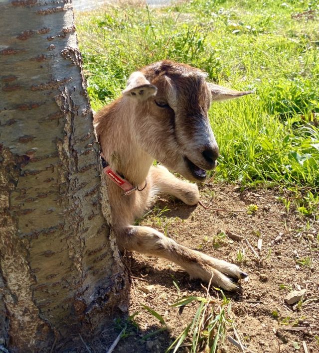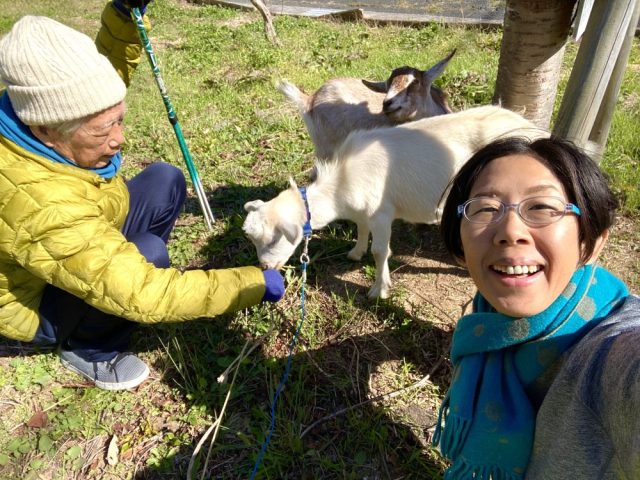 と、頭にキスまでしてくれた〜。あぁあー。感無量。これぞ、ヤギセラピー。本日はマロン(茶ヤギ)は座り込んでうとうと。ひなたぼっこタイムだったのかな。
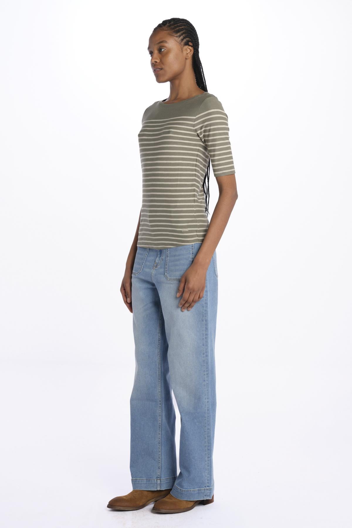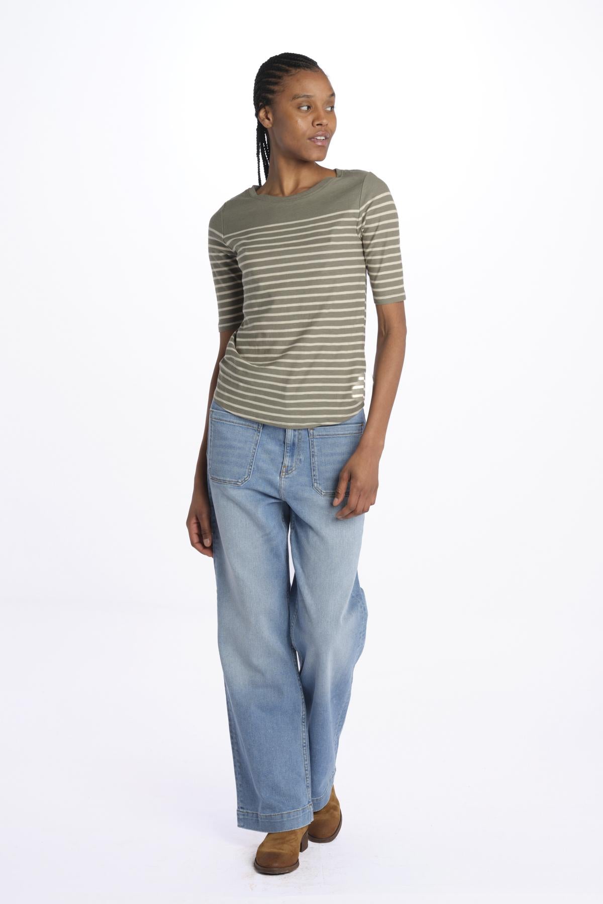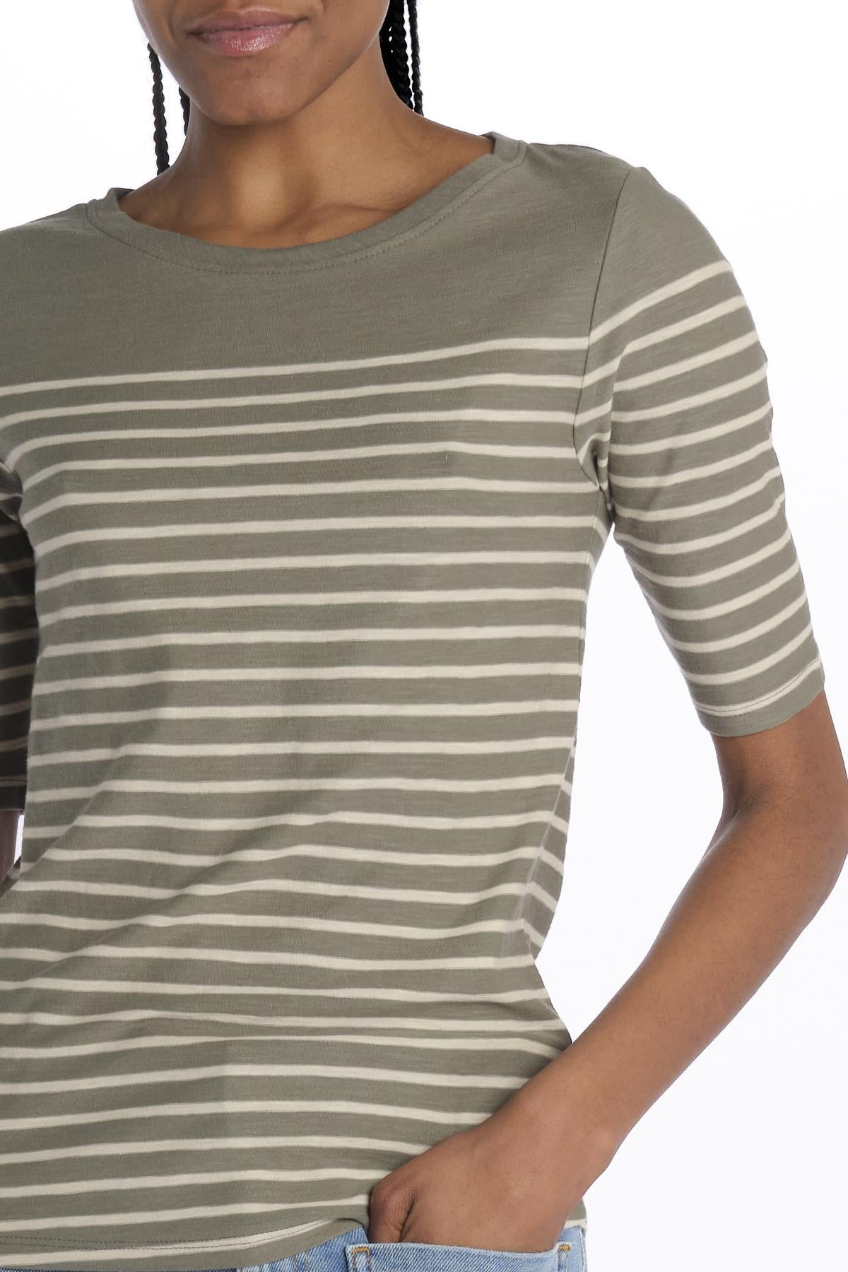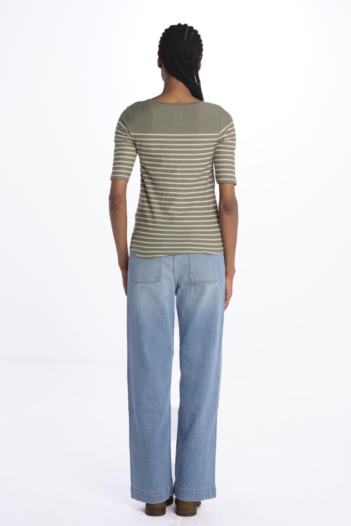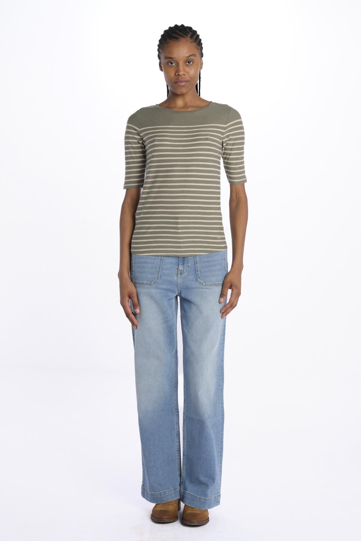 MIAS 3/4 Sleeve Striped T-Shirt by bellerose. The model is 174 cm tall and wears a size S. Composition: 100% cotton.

☆ ☆ ☆ ☆ ☆ ☆ ☆

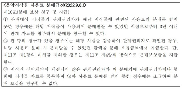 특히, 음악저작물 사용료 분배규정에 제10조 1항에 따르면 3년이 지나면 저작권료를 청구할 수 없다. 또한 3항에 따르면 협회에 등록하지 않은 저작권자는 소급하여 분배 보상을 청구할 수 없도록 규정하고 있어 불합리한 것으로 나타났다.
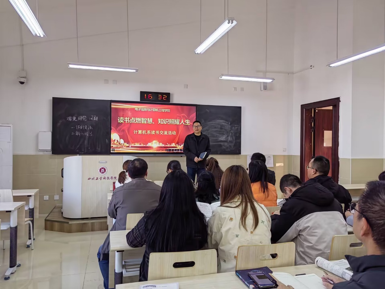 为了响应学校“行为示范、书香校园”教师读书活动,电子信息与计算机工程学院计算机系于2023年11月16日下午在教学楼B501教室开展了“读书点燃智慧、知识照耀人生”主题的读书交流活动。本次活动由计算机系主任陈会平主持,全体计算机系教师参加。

☆ ☆ ☆ ☆ ☆ ☆ ☆

## WORK TASK
Within the listing above, find the line containing "と、頭にキスまでしてくれた〜" and the line containing "MIAS 3/4 Sleeve". Transcribe them and everything between them exactly, leaving out the pictures.

## REPLY TO THE TASK
 と、頭にキスまでしてくれた〜。あぁあー。感無量。これぞ、ヤギセラピー。本日はマロン(茶ヤギ)は座り込んでうとうと。ひなたぼっこタイムだったのかな。
 MIAS 3/4 Sleeve Striped T-Shirt by bellerose. The model is 174 cm tall and wears a size S. Composition: 100% cotton.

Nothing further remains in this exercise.